Life is limited by mortality, but that doesn’t mean you don’t get out there and contend.  And you develop by contending and minimizing the net amount of suffering in the world.

Life is difficult, and you cannot protect your children.  What you can do is prepare them.  You can prepare them to be strong, courageous, truthful, resilient, and reciprocal with their interactions with other people.  That means you equip them for what life will be, which is, at a minimum, a series of difficult challenges.

A resilient person is capable of standing up to things in the face of fear and moving forward voluntarily and convinced of their own competence and ability to prevail.  This means the primary goal as a parent – apart from helping your child’s social desirability – is to encourage your children and instill a sense of courage in the face of difficulties and not to protect them.

We don’t even want to be protected from those difficulties because a significant part of life and its meaning is the challenge that comes with confronting difficulties.
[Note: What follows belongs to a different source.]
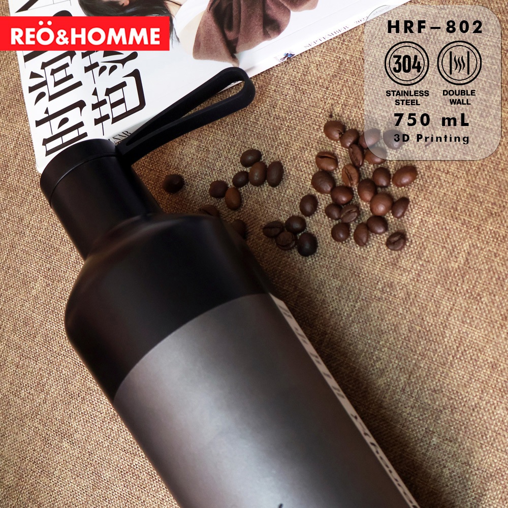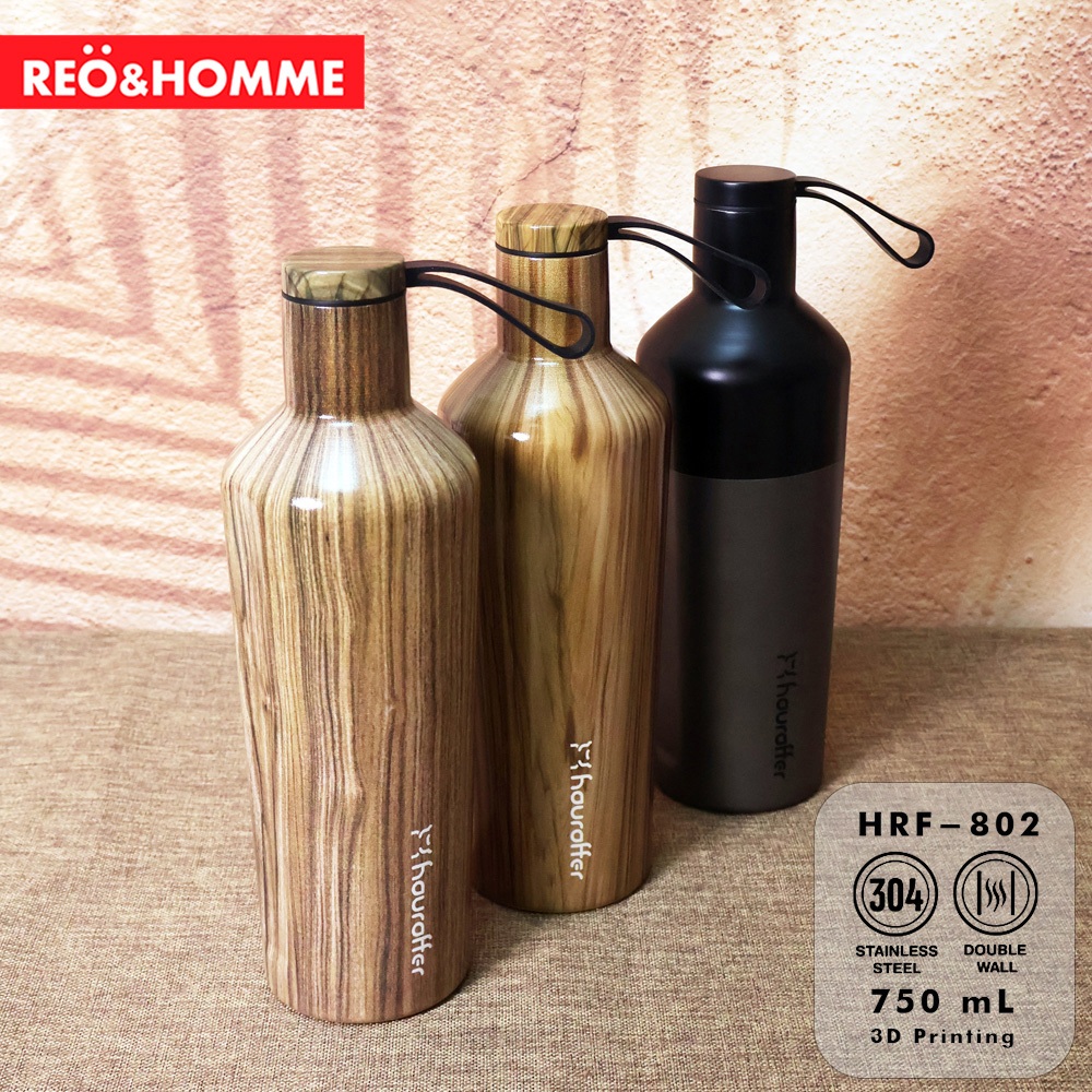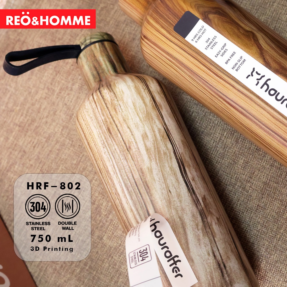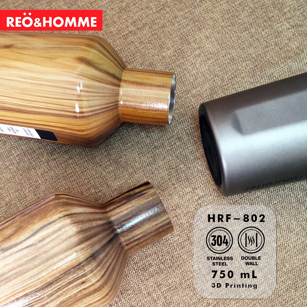 REO&HOMME BOTOL MINUM PURE STAINLESS SUS 304 750 ML INSULATED TUMBLER LEAKPROOF DESIGN 3D PRINTING MOTIF KAYU HRF802

By voluntarily exposing yourself to the outside world, you put different demands on yourself.  Doing so manifests new elements of you.  Push yourself into an adventure.  Take yourself out of where you are now – the one that is bound to you – and go somewhere dark and dangerous.  And, while you do that, you have adventures; they toughen you and pull more out of you.  That adventure shows you what is best in you.

Across your lifetime, you want to become continually more than you are, to see what you could be.  And only by knowing that you are not what you could be and taking responsibility for that, and committing yourself, like body and soul, to attain that ideal.

The world is harsh; it’s full of tragedy and suffering.  What emerges from that is a remarkable appreciation for what human beings are capable of.  We can be unbelievably resilient and capable creatures.

And we do not have any conception of our upper limits.  Those challenges and tragedies mold your character and make you better than you could ever have conceived.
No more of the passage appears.